The input Block Start

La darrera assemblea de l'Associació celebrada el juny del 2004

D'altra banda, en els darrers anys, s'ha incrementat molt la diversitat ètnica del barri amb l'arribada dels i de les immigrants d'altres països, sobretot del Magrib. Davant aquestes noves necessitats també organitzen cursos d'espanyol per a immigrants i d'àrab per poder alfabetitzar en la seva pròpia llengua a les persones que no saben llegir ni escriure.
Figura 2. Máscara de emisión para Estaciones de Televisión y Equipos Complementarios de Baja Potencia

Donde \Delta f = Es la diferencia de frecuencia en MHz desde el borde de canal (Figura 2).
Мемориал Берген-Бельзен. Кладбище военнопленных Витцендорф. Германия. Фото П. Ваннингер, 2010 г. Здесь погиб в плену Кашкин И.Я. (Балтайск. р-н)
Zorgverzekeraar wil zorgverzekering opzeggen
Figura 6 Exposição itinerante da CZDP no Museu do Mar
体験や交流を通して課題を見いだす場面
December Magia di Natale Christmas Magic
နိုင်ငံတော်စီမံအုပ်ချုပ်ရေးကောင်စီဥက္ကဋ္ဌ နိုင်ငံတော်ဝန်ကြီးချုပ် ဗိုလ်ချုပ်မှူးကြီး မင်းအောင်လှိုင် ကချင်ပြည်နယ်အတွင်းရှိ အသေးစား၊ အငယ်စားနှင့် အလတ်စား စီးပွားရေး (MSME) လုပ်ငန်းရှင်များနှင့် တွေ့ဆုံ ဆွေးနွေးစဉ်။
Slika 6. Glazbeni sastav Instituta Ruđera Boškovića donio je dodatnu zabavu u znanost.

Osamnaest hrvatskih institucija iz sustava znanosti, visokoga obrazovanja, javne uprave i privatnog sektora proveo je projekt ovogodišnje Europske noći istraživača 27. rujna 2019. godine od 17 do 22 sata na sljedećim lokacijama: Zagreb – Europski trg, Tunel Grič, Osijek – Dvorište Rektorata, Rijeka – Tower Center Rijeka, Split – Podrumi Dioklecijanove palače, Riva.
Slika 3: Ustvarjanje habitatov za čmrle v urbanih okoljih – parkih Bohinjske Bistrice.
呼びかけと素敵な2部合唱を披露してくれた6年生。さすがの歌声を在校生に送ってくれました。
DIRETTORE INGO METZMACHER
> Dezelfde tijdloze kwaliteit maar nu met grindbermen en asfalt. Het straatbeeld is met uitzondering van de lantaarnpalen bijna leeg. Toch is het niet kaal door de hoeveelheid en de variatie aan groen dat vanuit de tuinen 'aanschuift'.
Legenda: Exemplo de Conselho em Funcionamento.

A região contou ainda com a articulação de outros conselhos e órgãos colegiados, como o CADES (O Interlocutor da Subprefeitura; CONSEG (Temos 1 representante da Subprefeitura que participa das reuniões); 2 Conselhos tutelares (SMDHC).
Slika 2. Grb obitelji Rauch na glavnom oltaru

The input Block End
The input Block Start

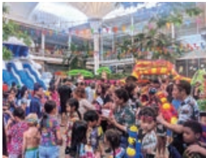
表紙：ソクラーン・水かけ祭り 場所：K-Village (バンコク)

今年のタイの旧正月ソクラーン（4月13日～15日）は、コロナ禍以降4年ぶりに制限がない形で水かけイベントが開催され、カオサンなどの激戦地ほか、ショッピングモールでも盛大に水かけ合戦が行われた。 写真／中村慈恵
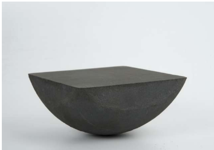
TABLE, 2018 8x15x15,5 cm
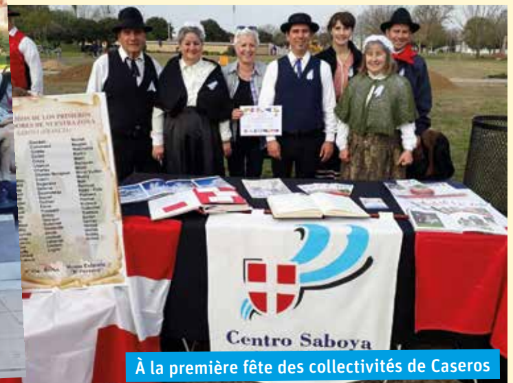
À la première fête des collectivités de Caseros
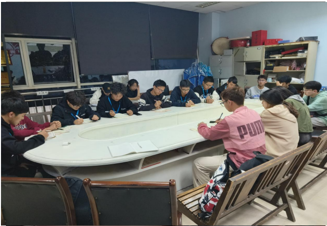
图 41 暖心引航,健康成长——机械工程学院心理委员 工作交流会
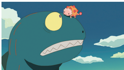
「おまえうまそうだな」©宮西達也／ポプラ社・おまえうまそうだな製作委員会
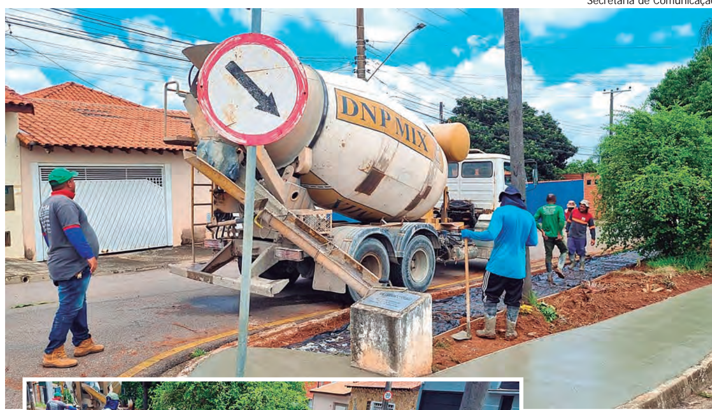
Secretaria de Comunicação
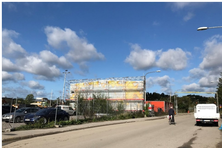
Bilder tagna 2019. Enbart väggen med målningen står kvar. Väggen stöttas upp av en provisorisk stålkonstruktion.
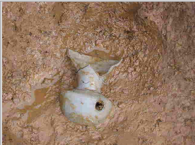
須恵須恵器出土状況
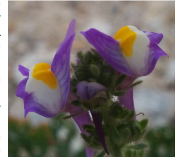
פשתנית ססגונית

The input Block End

» Task brief:
Show, from the records above, every line that includes "Figura".

» Written response:
Figura 2. Máscara de emisión para Estaciones de Televisión y Equipos Complementarios de Baja Potencia
Donde \Delta f = Es la diferencia de frecuencia en MHz desde el borde de canal (Figura 2).
Figura 6 Exposição itinerante da CZDP no Museu do Mar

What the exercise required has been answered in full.